As far back as 100,000 years ago, people of the late Paleolithic were active in what is now Lijiang. The discovery of cave paintings in the Jinsha River Valley along with numerous Neolithic stone tools and later artifacts of Bronze and Iron Age provenance reveal Lijiang to have been one of the most important centres of ancient human activity in southwest China.

During the Warring States period, today's Lijiang was part of the Shu Prefecture of the Qin state. At the end of the Warring States period, it was incorporated into the Dian Kingdom. The Dian Kingdom submitted to the Han dynasty, and today's Lijiang City belonged to the Yuezhi Commandery, known as Suijiu County. By the time of the Three Kingdoms, it was part of Yunnan Prefecture. During the Northern and Southern Dynasties period, the Naxi people migrated to the area. During the time of the Tang dynasty it was incorporated into the Tibetan Empire, and subsequently the Nanzhao kingdom, coming under the jurisdiction of the Jianchuan Jiedushi (military commission).

The Baisha Old Town was the political, commercial and cultural center for the local Naxi people and other ethnic groups for 450 years from the year 658 AD to 1107AD. The Dabaoji Palace of the Baisha Fresco, very close to the Baisha Naxi Hand-made Embroidery Institute, was built in the year 658 AD in the Tang dynasty (618 AD to 907 AD).

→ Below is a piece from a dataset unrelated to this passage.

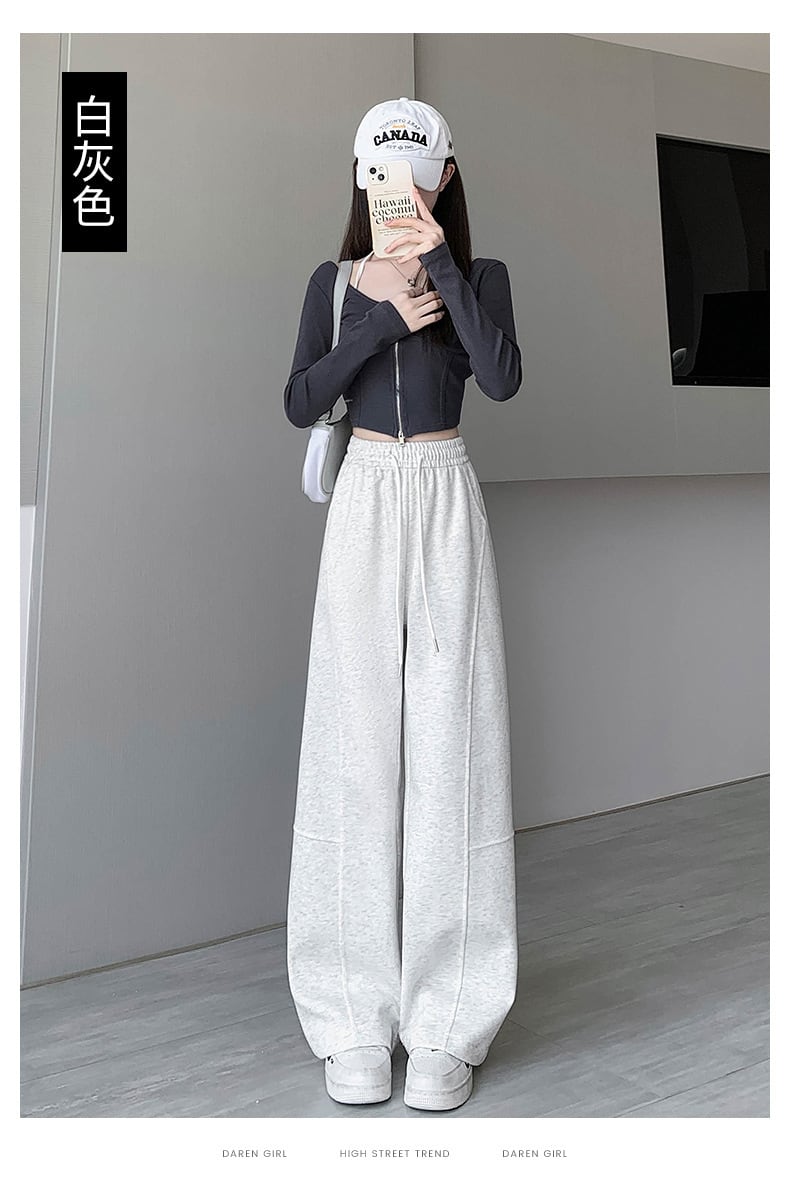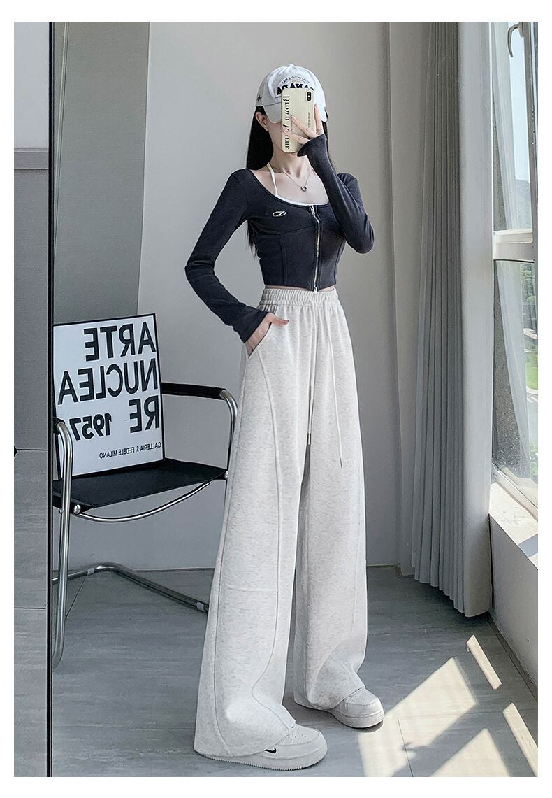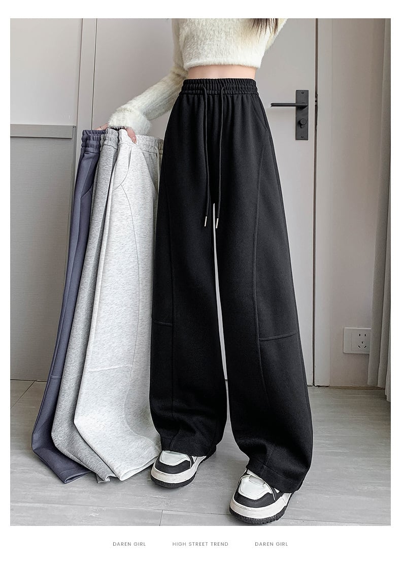 ワイドレッグパンツ レディース ハイウエスト ストレート 秋 ゆったり スウェットパンツ ロング丈 カジュアル ボトムス ブラック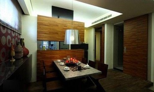 餐廳,包覆著通風(fēng)管的集層材立柱以擎天之姿矗立,營(yíng)塑空間的垂直向度,也劃分出客廳與餐廳的邊界。

In ancient times, the Baisha Old Town used to be the center of silk embroidery in the southwest of China and the most important place of the Ancient Southern Silk Road, also called the Ancient Tea and Horse Road or Ancient tea route. The Ancient Southern Silk Road started from Burma, crossed Lijiang, Shangri-La County, Tibet, continued through Iran, the Fertile Crescent before finally reaching the Mediterranean.

Lijiang submitted to Khubilai Khan as he led his troops against the Dali kingdom in 1253. Though the kingdom was incorporated into the Mongol empire, then the Yuan dynasty, it was given the status of tusi, or indigenous office, which gave autonomy to the local Naxi rulers. During the Ming dynasty, the Naxi were one of the few border peoples to support the Ming immediately. As the Naxi helped the Ming expand in Southwest China the ruler family was given the title of Mu. During this period the Kingdom of Lijiang was able to expand into Sichuan and Tibet bringing many Tibetan peoples into its territory as well as their cultural and religious influence. It was under the rule of the Naxi ruling house of the Mu family (木氏) during the Yuan (not yet named Mu), Ming, and Qing dynasties. The Mu "held this position until 1723, when Lijiang became directly incorporated under the authority of the Qing central government."

In the 15th year of the Ming dynasty's Hongwu Emperor's reign (1382), A Jia A De, the local chief of Lijiang, "led the people to submit", and the Lijiang Lu XuanfuSi (Lijiang Road's pacification commissioner's office) was restructured into the Lijiang Prefecture. By the 30th year of the Hongwu Emperor (1397), it was promoted to the Lijiang Junmin Fu (Lijiang Military and Civil Administration), which governed over four states, one county, and one patrol inspection office: Tong'an State, Baoshan State, Ju Jin State, Lin Xi county, and Shimen pass patrol Inspection office.

In the 17th year of the Qing dynasty's Shunzhi Emperor's reign(1660), the Lijiang JunminFu was established again, with the Mu family continuing to hold the hereditary position of the chief. In the first year of the Yongzheng Emperor's reign(1723), the implemented the "reform of the native chieftain system" in Lijiang, replacing the hereditary chief with an appointed official from the court, and demoting the Mu family to the position of the Qianlong Emperor's reign(1770), Lijiang County was established.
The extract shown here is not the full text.